Wednesday, February 27, 2013

Convert word document (.docx) to PDF

This post will describes how to convert word document to PDF using Java.

To convert document to Pdf we will have different type of approaches.
But in this post i am using  docx4j. It is one of the good API for conversion from XSLT to PDF and Word Document to PDF etc..

We can convert from document to Pdf with Simple java program.

Steps to follow.

Step1 :open Eclipse and create new java project- provide name as you like.

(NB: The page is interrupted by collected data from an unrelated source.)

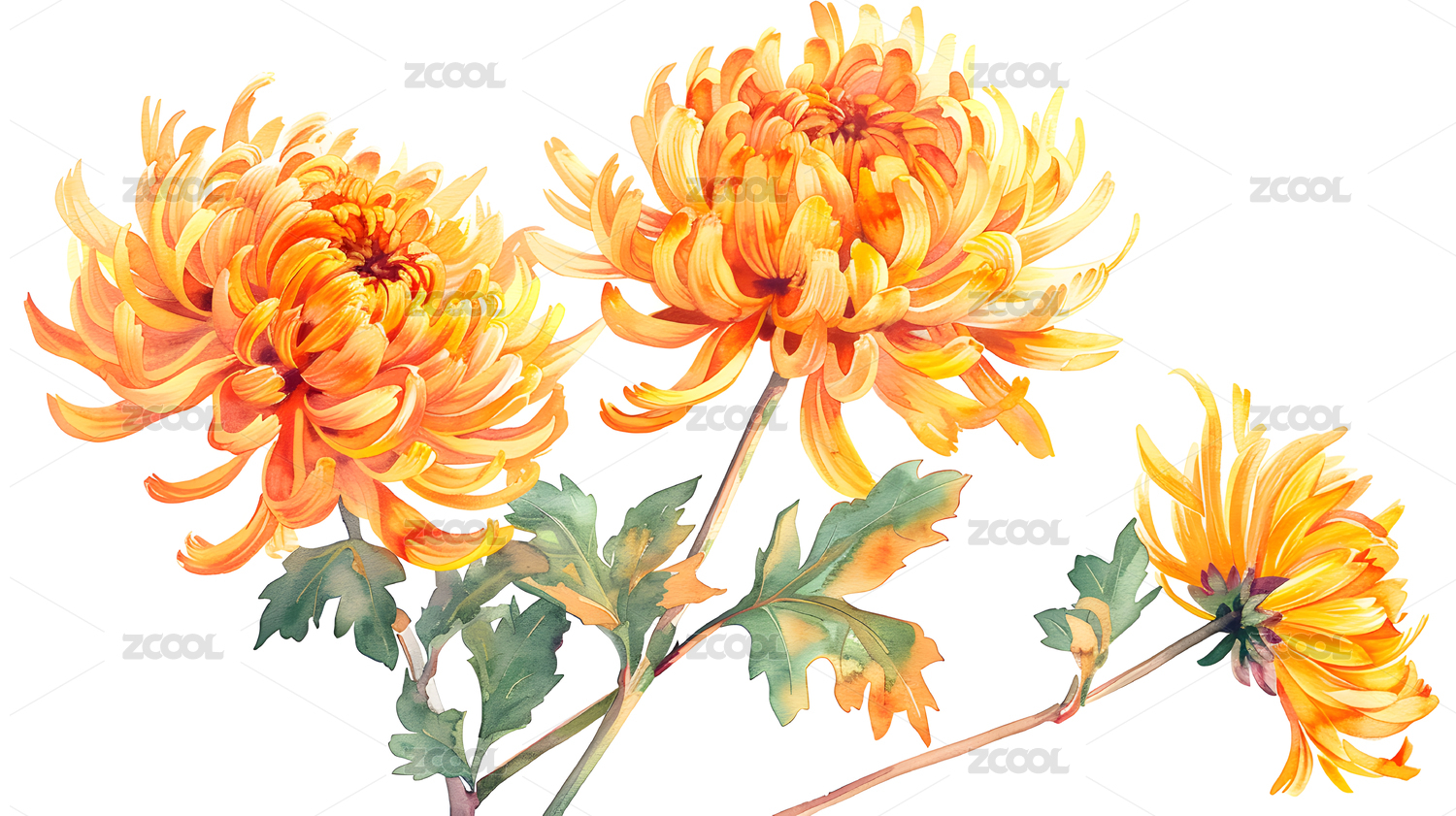 秋天菊花插画,传统秋分节气植物,重阳节概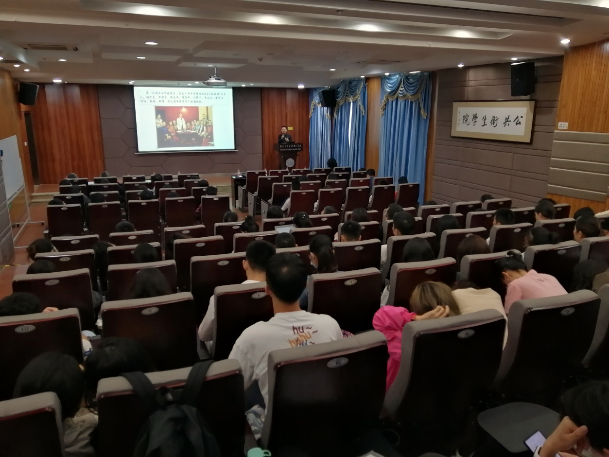学院邀请马克思主义学院贾凯副教授为全院师生作《阅史悟行:学习党史、新中国史、改革开放史、社会主义发展史的方法思维》的辅导报告。贾老师从开展“四史”学习的背景出发,系统梳理了开展“四史”学习的由来,重点分析了学习“四史”的重要性、其发展的基本脉络及如何把握“四史”之间的逻辑关系,总结强调了学习“四史”的核心要义。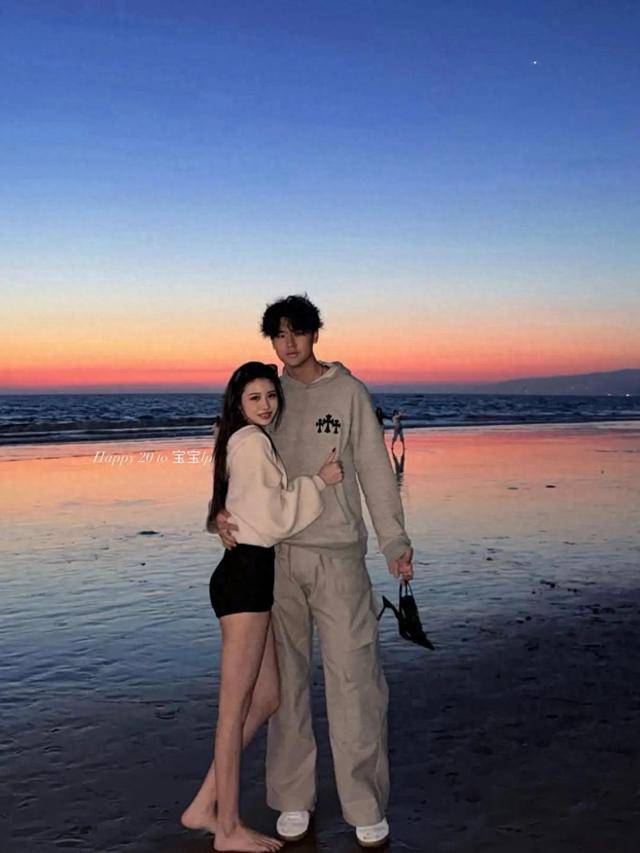 11月25日她20岁生日,直接甩出一组海边照片,跟一个高个子男生亲密拥抱,男生一手搂她腰一手给她提高跟鞋,这细节也太甜了吧。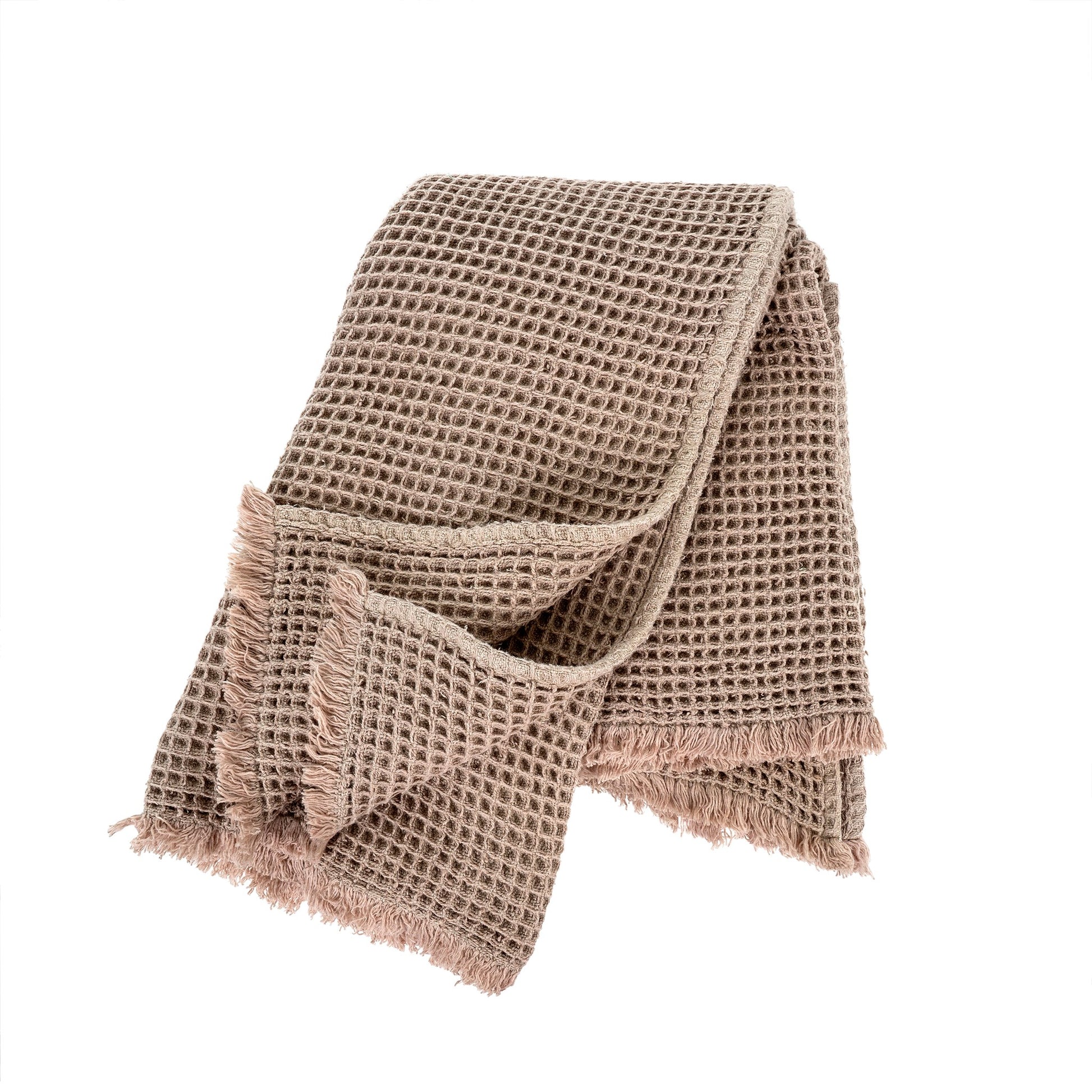 This stonewashed waffle throw is textured with a thick, dimensional waffle weave, and finished with a soft eyelash fringe.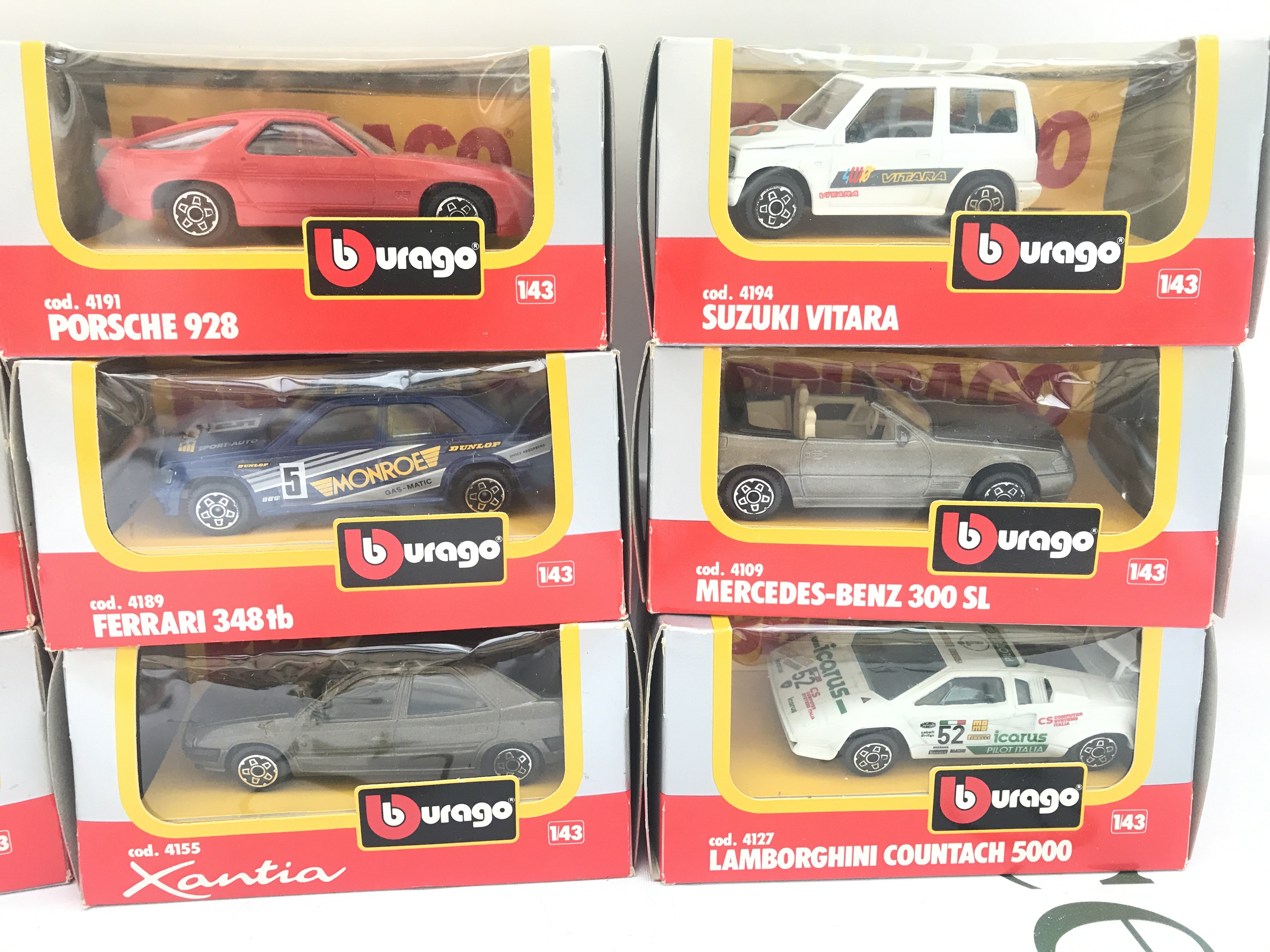 A Collection Of 9 Burago 1/43 Scale Diecast Cars.
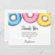 Esta linda tarjeta Baby Shower Gracias cuenta con donuts acuarelas en rosa, azul y amarillo. Perfecto para una celebración de bebés sin diferencias de género. Personalizar con tus detalles. Porque creamos nuestra propia obra de arte no encontrarás esta imagen exacta de otros diseñadores. Acuarela original © Michele Davies.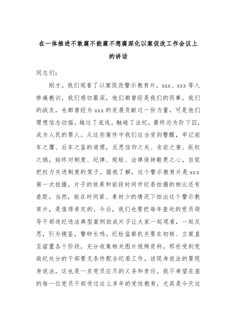 / 在一体推进不敢腐不能腐不想腐深化以案促改工作会议上的讲话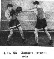 При атаке противника прямым или боковым ударом левой в голову в последний момент боксер отклоняет туловище назад, назад и вправо или назад и влево, одновременно создавая исходное положение для соответствующих ответных ударов (рис. 53).
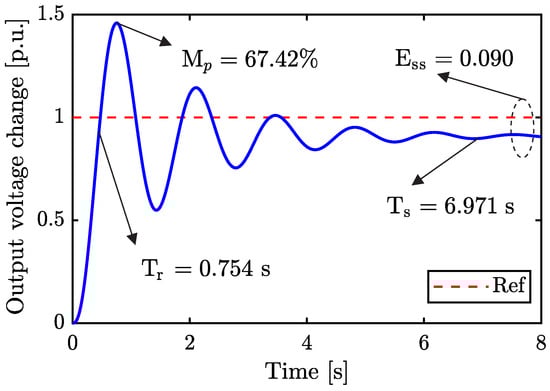 It is noteworthy that such a response presents undesired behaviors, including a high overshoot ( = 67.42%), settling time ( = 6.971 s) and rise time ( = 0.754 s), as well as a considerable steady-state error ( = 0.090 p.u.). Thus, selecting a suitable controller may guide the system dynamics to improve the electrical output features.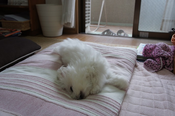 昼寝が好きなマルチーズ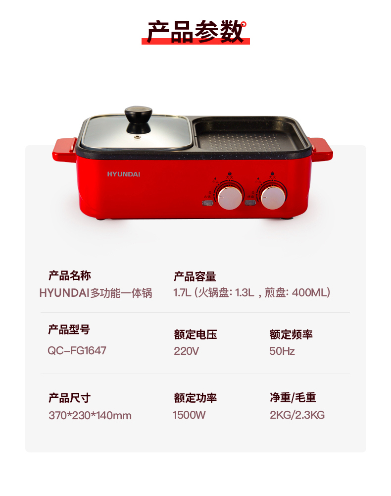 產品顏色: 紅色,產品容量:1.7L(火鍋盤:1.3L ,煎盤:400ml)

Step 2: Create new Java class  which ever you like (ex: ConvertDocToPDF )

Step 3: Paste the below lines of code inside main method of created java class

 try {

long start = System.currentTimeMillis();

// 1) Load DOCX into WordprocessingMLPackage

InputStream is = new FileInputStream(new File("test.docx"));
WordprocessingMLPackage wordMLPackage = WordprocessingMLPackage.load(is);
//If your header and body information got over lapped then use the below code
List sections = wordMLPackage.getDocumentModel().getSections();
for (int i = 0; i < sections.size(); i++) {

System.out.println("sections Size" + sections.size());

//if you want use any Physical fonts then use the below code.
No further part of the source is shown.